What you will do => A faithful copy is needed of the lines below from the one with "iPhoneXR ケース iPhoneXs" up to and including the one with "Evening Cami Dress"; set it down with no pictures and no other lines.

Information supplied =>
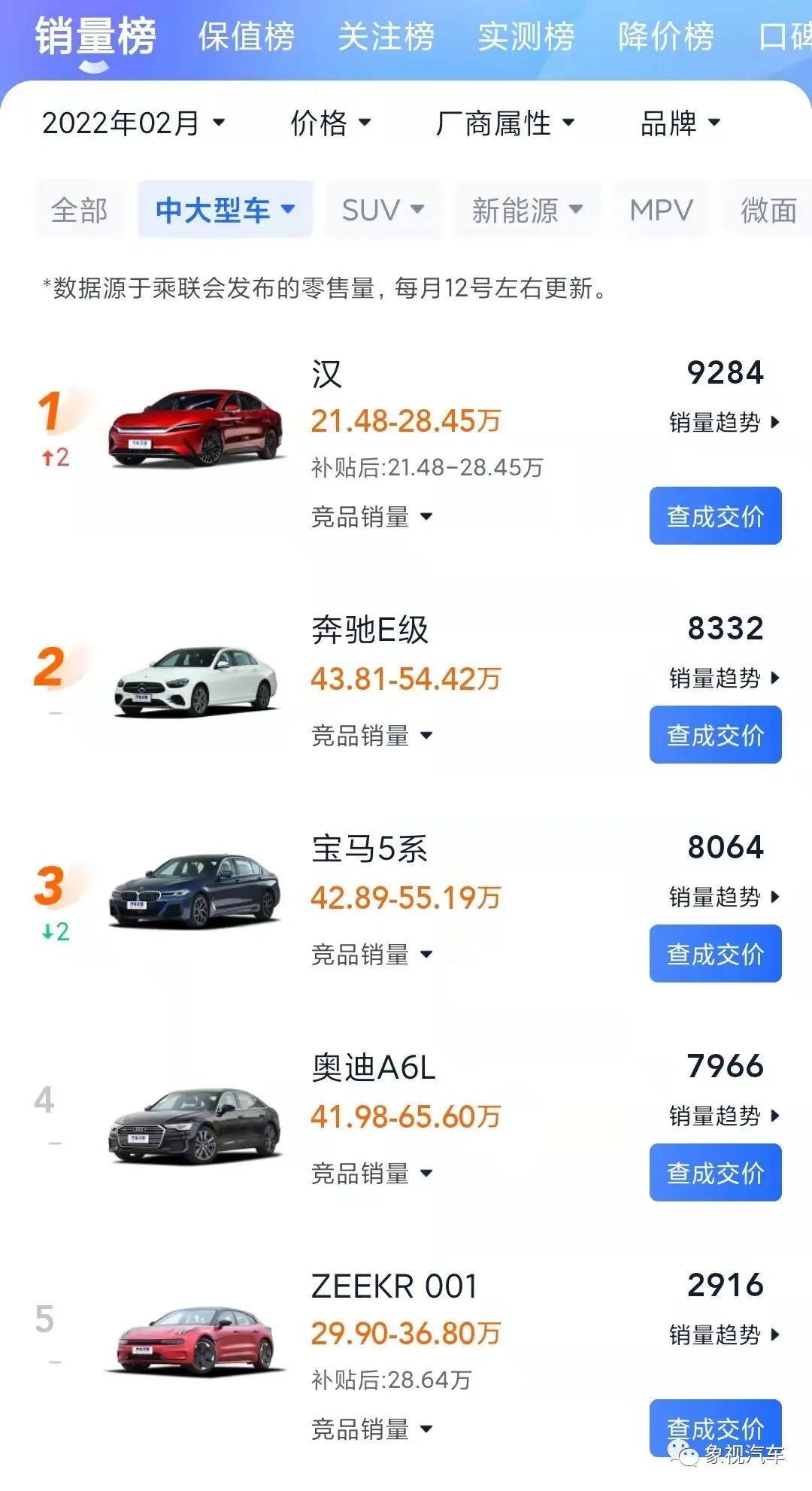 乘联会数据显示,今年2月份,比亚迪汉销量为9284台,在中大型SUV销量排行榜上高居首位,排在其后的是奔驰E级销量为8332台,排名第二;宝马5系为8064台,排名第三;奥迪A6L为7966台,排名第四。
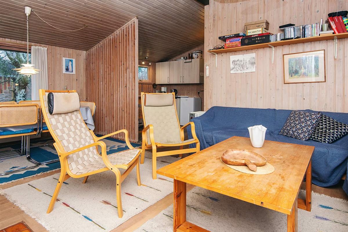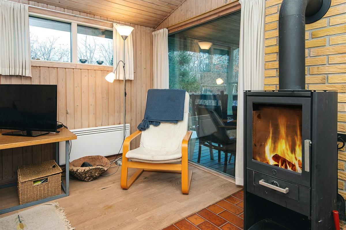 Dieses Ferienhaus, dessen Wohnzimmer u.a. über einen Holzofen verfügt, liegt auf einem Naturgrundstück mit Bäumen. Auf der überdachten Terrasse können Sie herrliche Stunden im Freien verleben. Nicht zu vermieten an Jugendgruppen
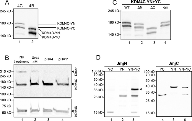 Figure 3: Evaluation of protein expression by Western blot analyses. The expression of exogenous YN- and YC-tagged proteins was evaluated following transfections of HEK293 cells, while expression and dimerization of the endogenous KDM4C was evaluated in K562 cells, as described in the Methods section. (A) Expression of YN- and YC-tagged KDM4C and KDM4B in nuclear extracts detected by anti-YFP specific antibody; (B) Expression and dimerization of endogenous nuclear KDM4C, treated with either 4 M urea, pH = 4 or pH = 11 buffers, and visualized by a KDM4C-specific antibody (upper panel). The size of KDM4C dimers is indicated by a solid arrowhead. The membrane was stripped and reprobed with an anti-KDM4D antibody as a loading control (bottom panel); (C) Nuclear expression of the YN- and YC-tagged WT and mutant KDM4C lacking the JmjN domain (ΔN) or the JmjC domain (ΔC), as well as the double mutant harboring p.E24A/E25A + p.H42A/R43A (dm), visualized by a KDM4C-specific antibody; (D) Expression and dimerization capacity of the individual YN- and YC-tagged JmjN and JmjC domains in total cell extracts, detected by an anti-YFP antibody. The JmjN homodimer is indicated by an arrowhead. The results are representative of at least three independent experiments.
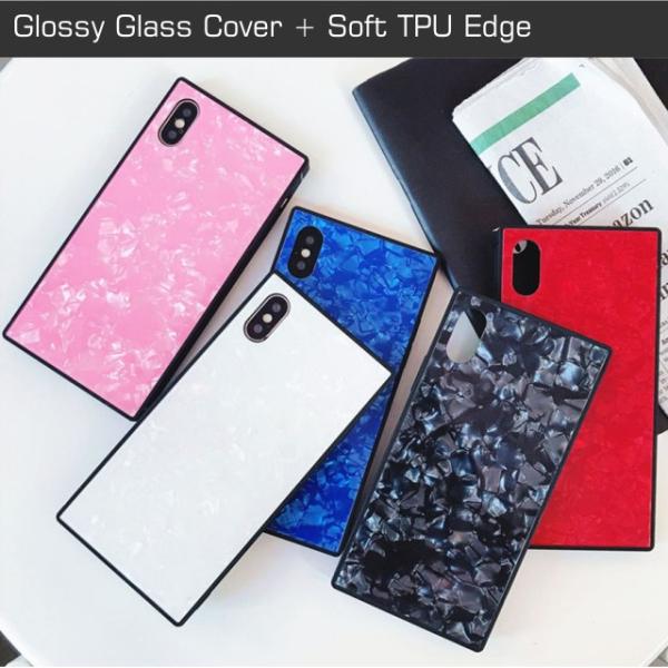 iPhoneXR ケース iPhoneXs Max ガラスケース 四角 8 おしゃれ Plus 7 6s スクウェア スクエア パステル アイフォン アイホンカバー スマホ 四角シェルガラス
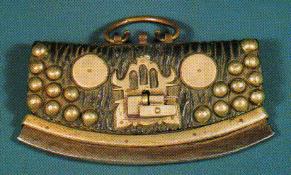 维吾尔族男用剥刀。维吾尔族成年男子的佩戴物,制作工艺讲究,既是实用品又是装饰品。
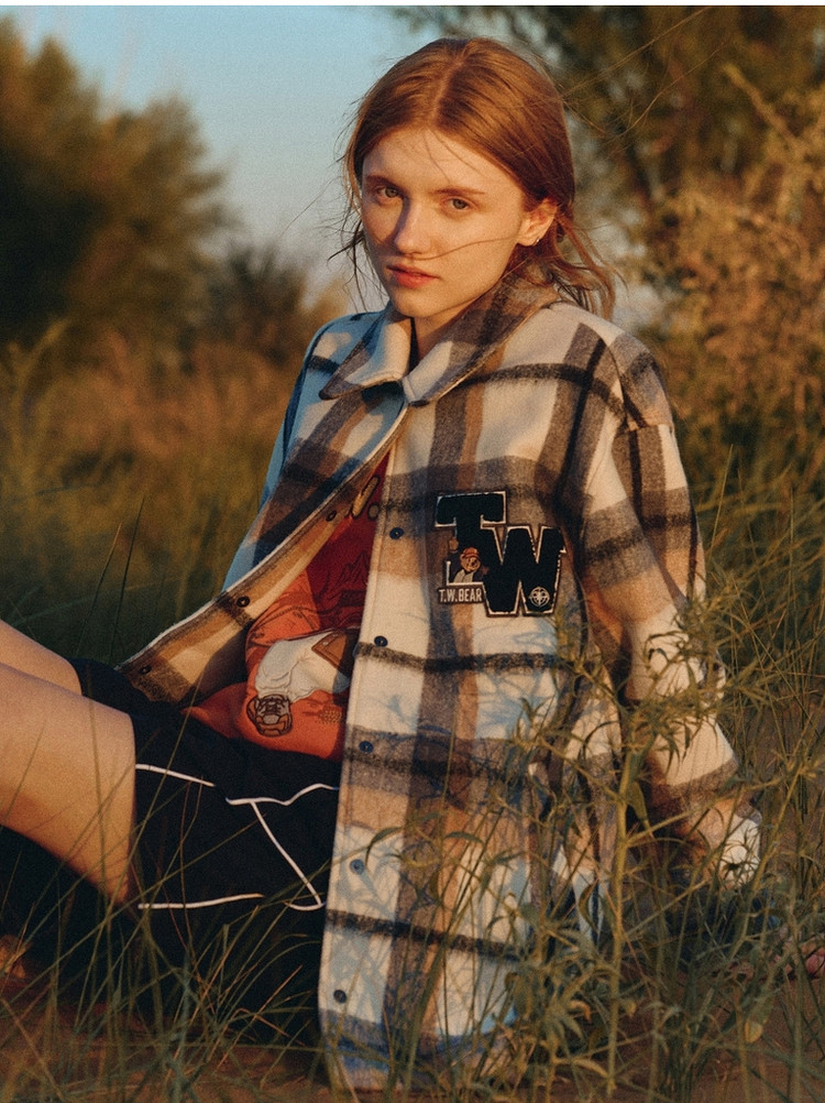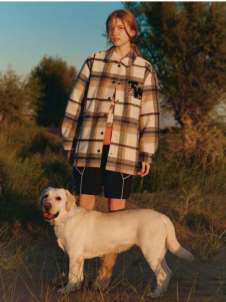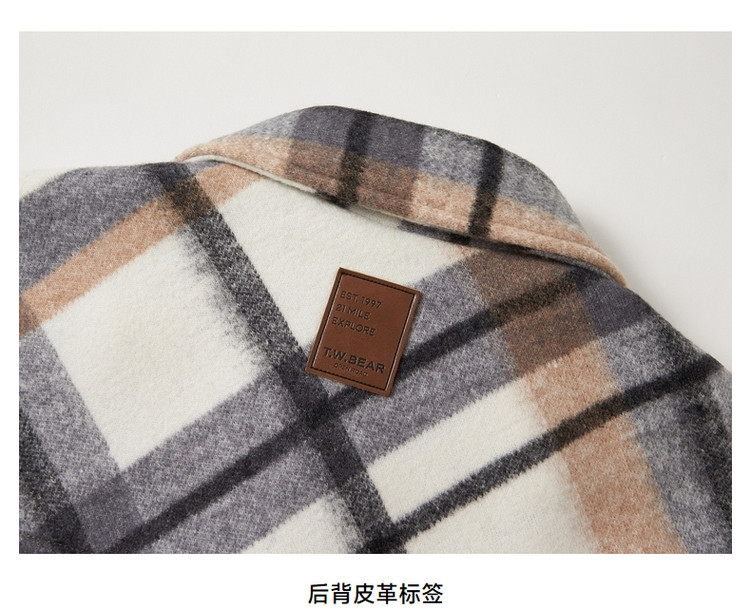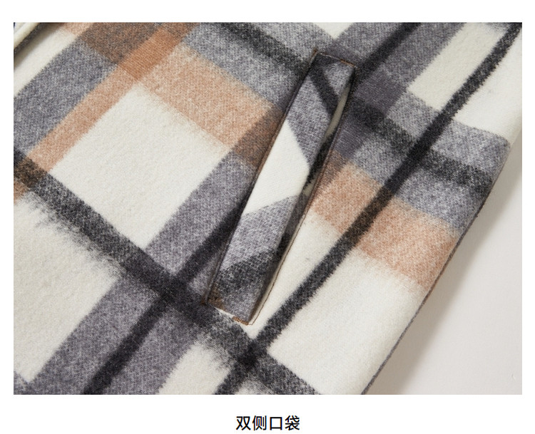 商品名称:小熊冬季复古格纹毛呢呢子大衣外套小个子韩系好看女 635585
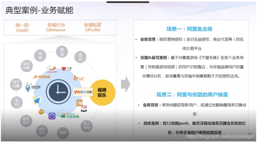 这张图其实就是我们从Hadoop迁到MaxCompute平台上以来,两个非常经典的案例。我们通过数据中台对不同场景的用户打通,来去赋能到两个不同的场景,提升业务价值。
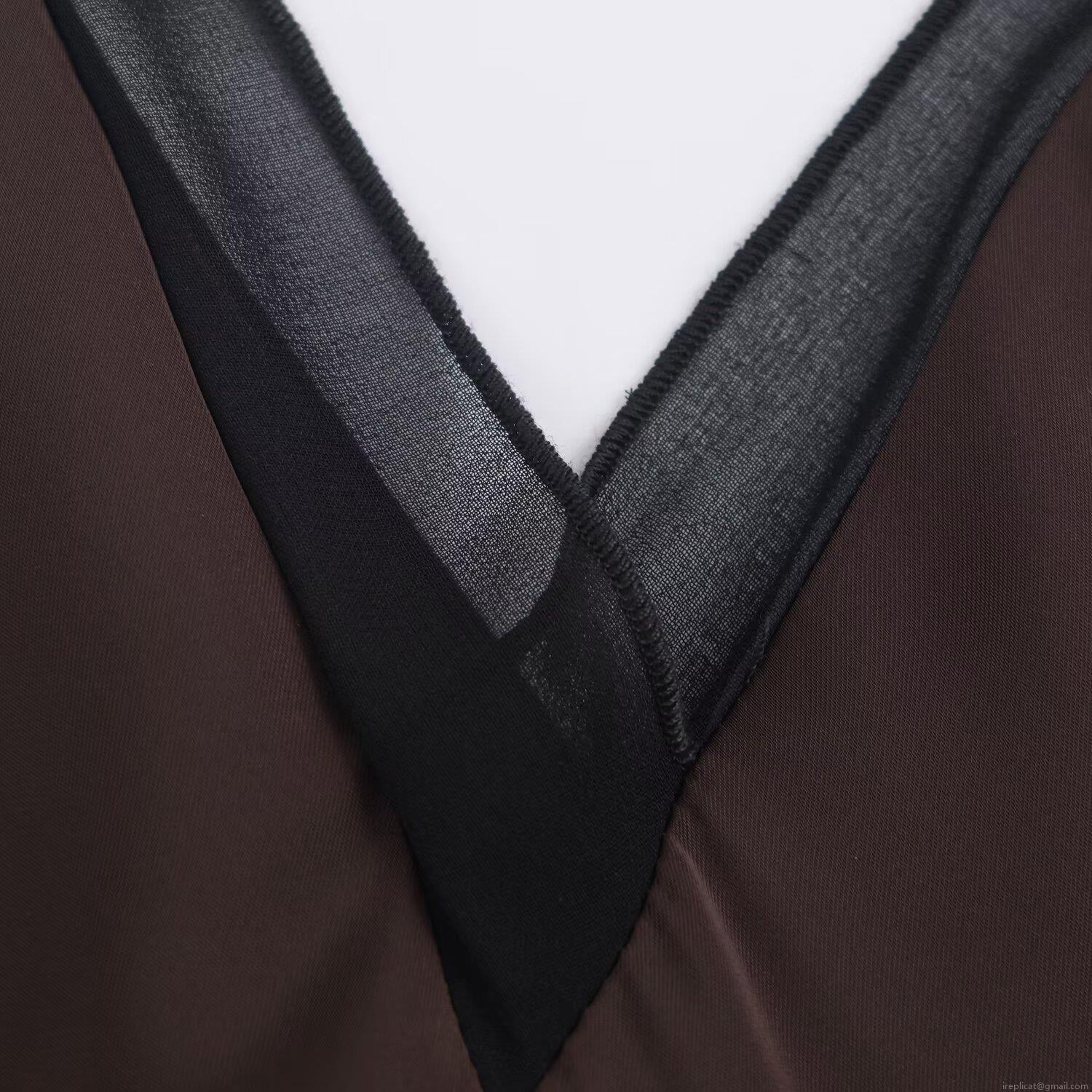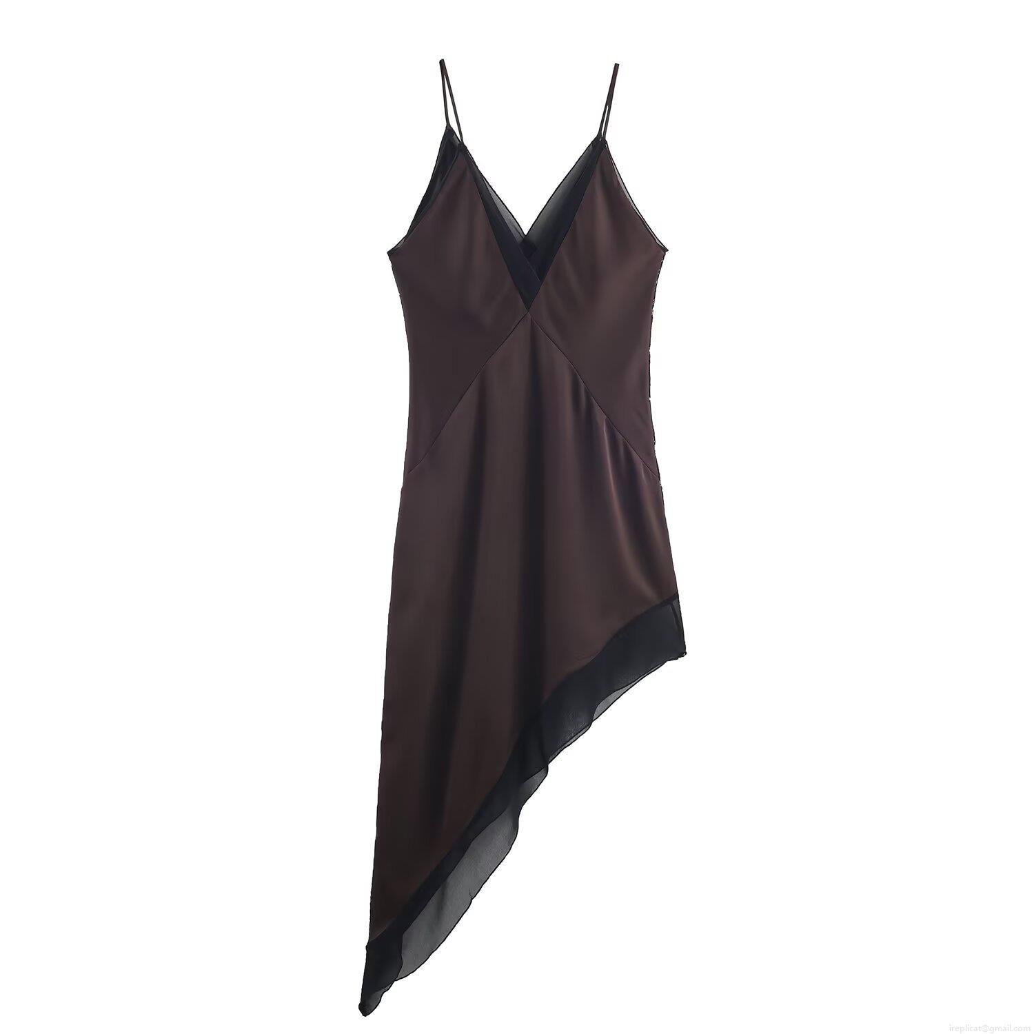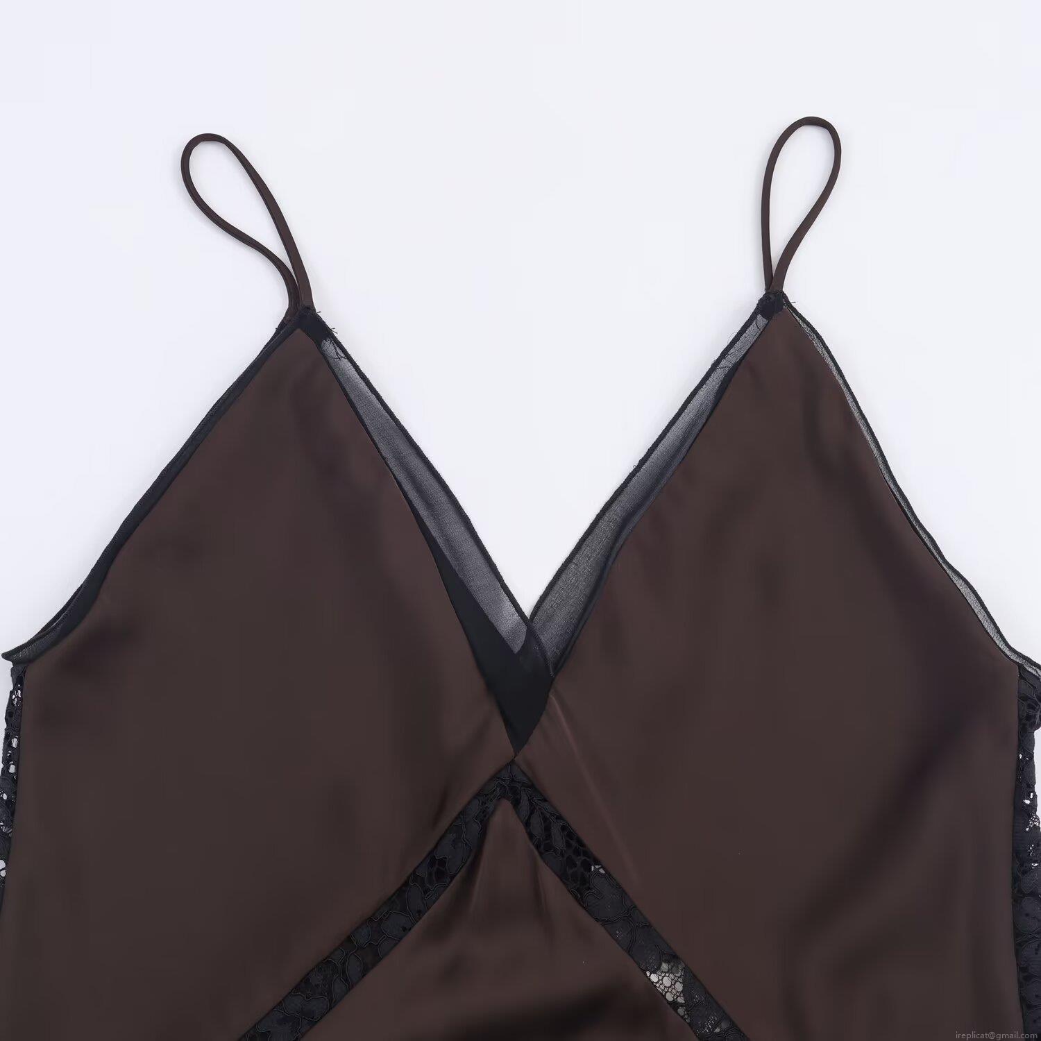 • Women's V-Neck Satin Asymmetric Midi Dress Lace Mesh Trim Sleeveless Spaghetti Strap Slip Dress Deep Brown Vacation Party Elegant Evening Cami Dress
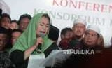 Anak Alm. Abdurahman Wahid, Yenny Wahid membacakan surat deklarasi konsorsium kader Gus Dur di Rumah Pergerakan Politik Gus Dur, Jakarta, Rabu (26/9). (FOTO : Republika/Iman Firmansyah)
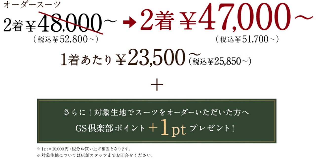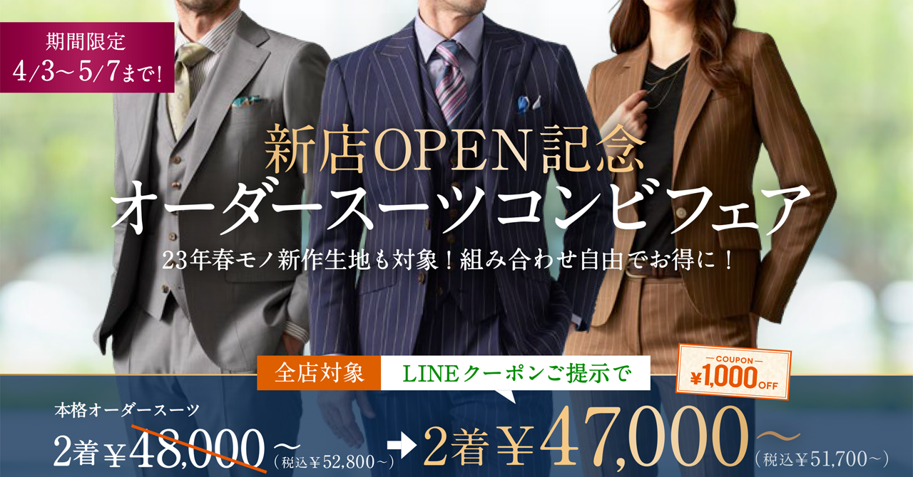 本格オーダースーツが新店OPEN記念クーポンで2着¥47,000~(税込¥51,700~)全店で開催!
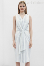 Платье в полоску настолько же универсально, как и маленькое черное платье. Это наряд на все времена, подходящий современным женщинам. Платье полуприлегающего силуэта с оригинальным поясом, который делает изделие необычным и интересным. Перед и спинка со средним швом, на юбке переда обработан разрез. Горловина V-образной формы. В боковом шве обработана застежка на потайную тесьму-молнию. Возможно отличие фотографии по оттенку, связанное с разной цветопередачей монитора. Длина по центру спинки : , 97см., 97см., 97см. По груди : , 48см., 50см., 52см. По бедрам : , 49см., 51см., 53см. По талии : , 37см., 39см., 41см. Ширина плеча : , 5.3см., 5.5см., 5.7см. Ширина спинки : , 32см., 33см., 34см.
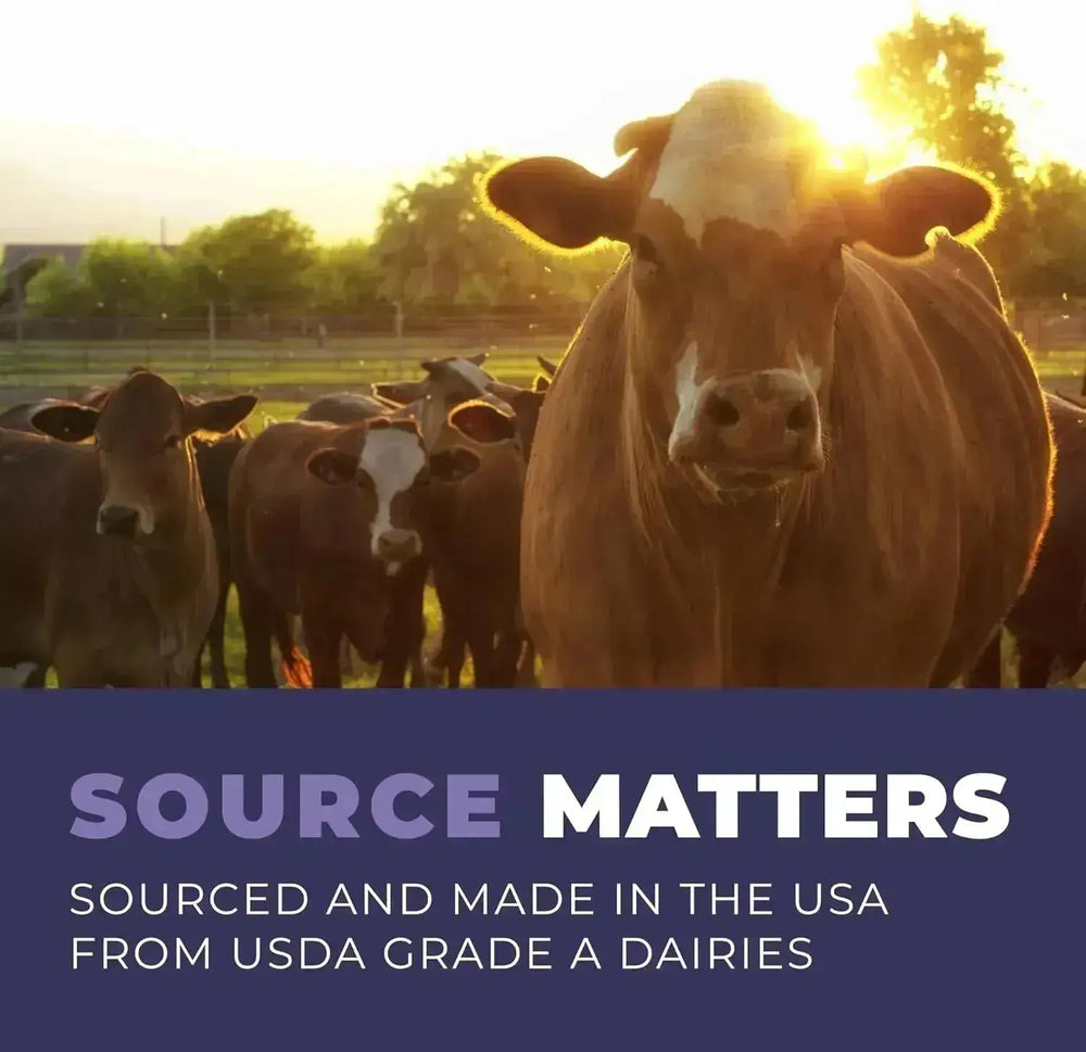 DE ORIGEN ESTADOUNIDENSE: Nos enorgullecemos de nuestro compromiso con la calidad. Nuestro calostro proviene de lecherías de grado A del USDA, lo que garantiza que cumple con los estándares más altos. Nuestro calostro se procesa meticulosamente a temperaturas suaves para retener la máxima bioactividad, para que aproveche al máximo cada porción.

Exercise output =>
 iPhoneXR ケース iPhoneXs Max ガラスケース 四角 8 おしゃれ Plus 7 6s スクウェア スクエア パステル アイフォン アイホンカバー スマホ 四角シェルガラス
 维吾尔族男用剥刀。维吾尔族成年男子的佩戴物,制作工艺讲究,既是实用品又是装饰品。
 商品名称:小熊冬季复古格纹毛呢呢子大衣外套小个子韩系好看女 635585
 这张图其实就是我们从Hadoop迁到MaxCompute平台上以来,两个非常经典的案例。我们通过数据中台对不同场景的用户打通,来去赋能到两个不同的场景,提升业务价值。
 • Women's V-Neck Satin Asymmetric Midi Dress Lace Mesh Trim Sleeveless Spaghetti Strap Slip Dress Deep Brown Vacation Party Elegant Evening Cami Dress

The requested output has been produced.